**Required action**
Every line of the listing should be retyped exactly, but none of the pictures should be.

(Exercise data Opens)

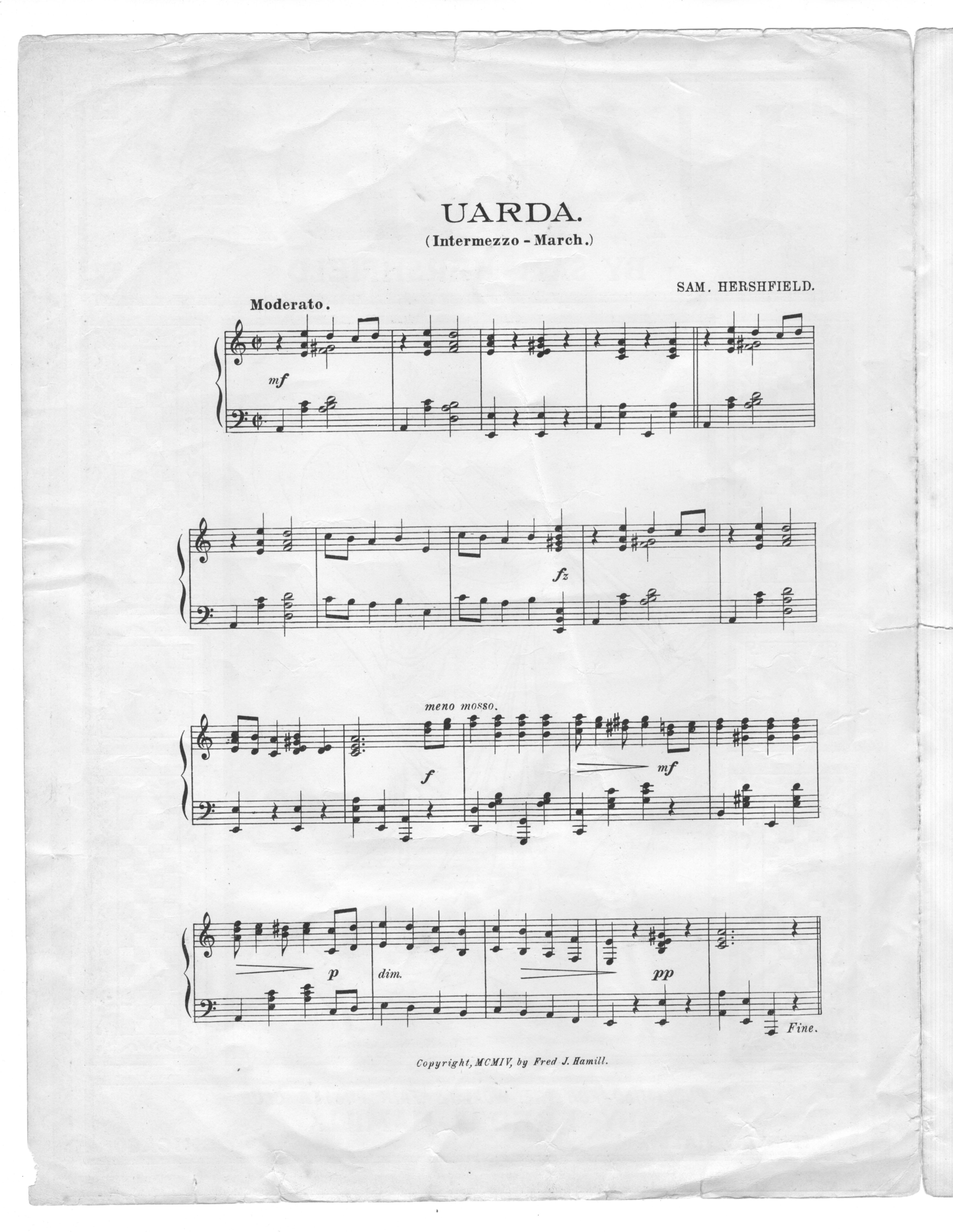 Hershfield, Sam. 2000. Uarda By Sam Hershfield.. Chicago (Steinway Hall) : Published for the World’s Fair Poster Club by Fred J. Hamill, Class, Race, and Sheet Music at the Louisiana Purchase Exposition, accessed February 12, 2026, https://digitalexhibits.library.wustl.edu/s/lpemusic/item/35484
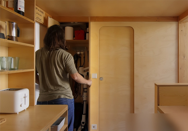 暗卫用壁挂马桶和电热毛巾架,厨房塞进蒸烤箱加洗衣机,每寸地儿都榨得干干净净。
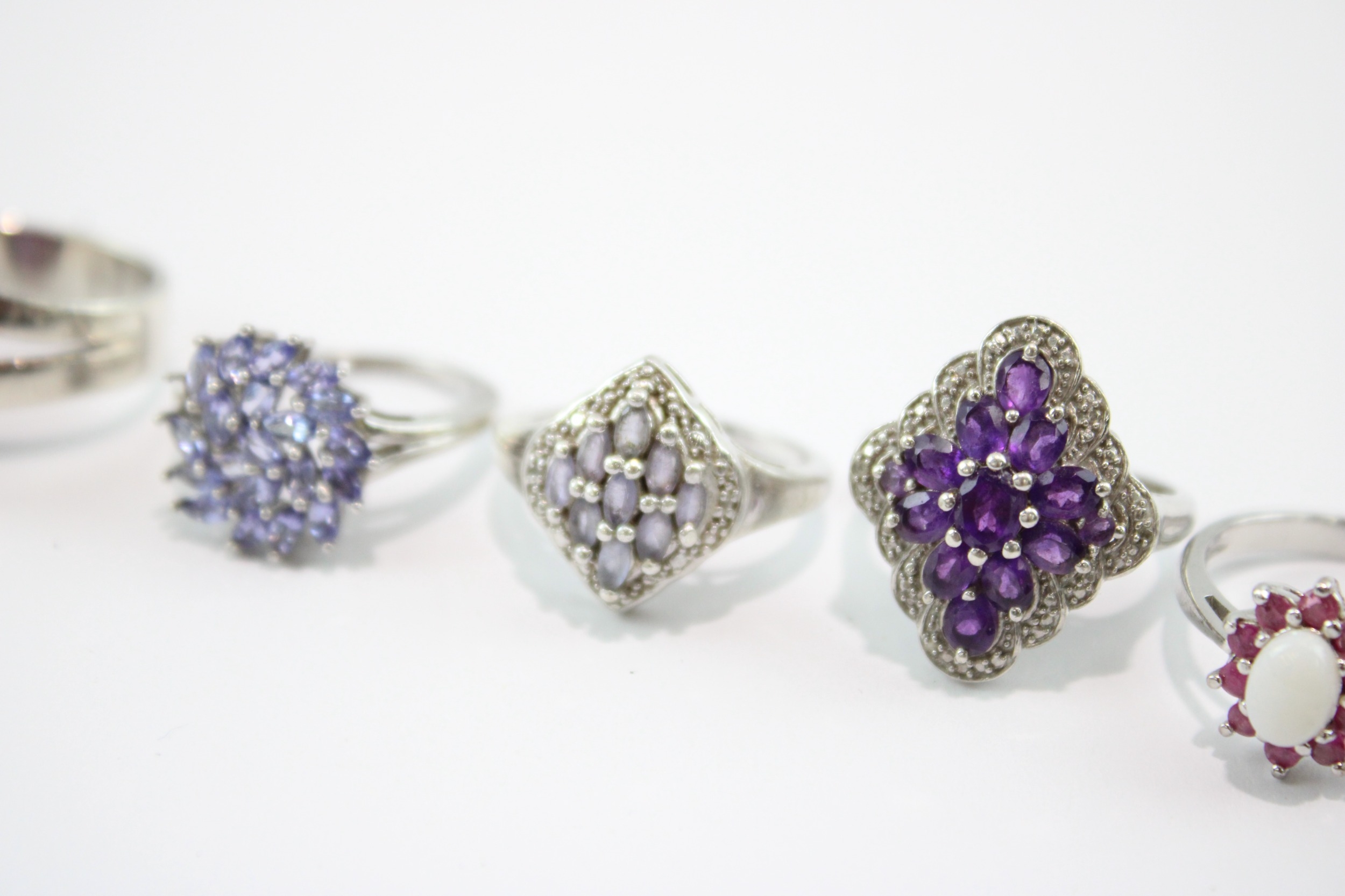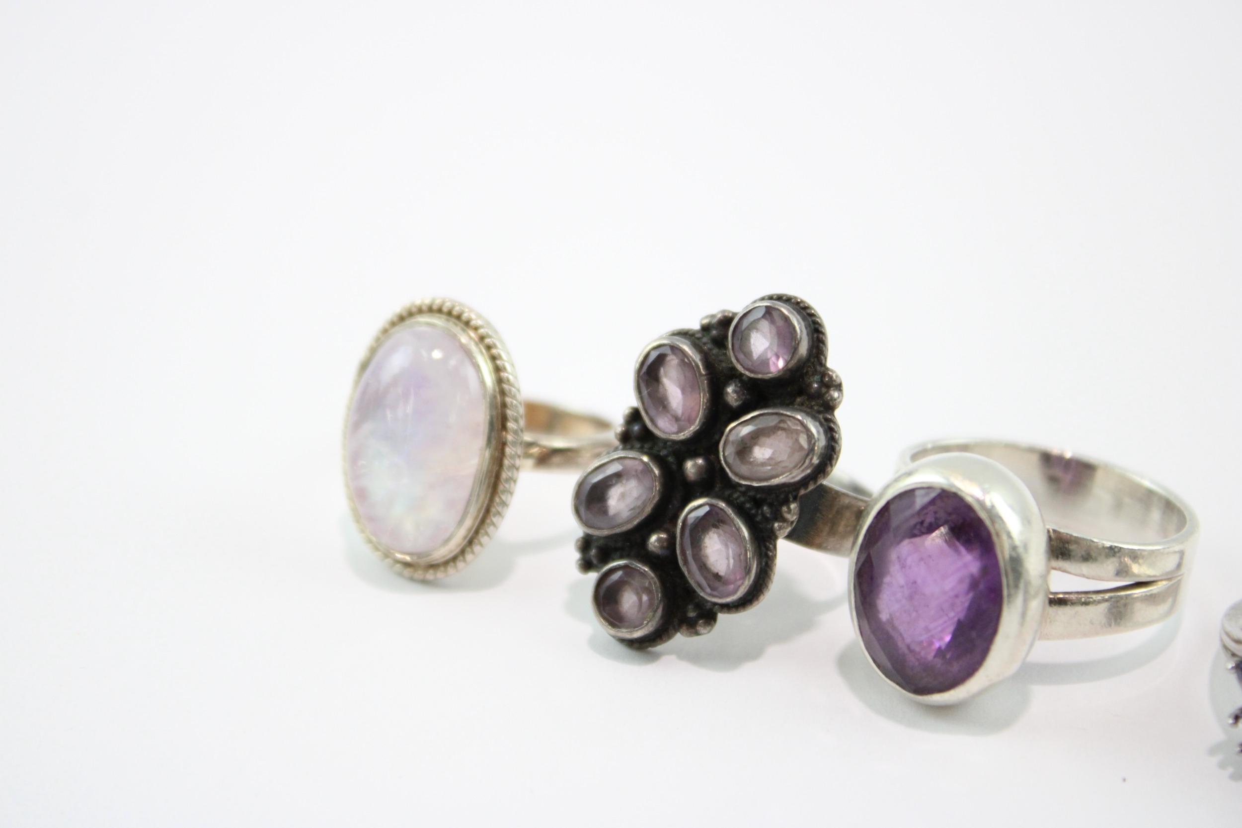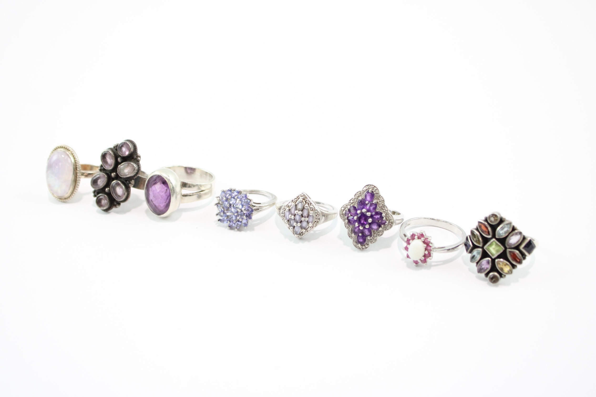 Collection of Sterling Silver Gemstone Rings, inc. Enhanced Ruby, Moonstone x 8 (49g)

(Exercise data Closes)

**Response area**
 Hershfield, Sam. 2000. Uarda By Sam Hershfield.. Chicago (Steinway Hall) : Published for the World’s Fair Poster Club by Fred J. Hamill, Class, Race, and Sheet Music at the Louisiana Purchase Exposition, accessed February 12, 2026, https://digitalexhibits.library.wustl.edu/s/lpemusic/item/35484
 暗卫用壁挂马桶和电热毛巾架,厨房塞进蒸烤箱加洗衣机,每寸地儿都榨得干干净净。
 Collection of Sterling Silver Gemstone Rings, inc. Enhanced Ruby, Moonstone x 8 (49g)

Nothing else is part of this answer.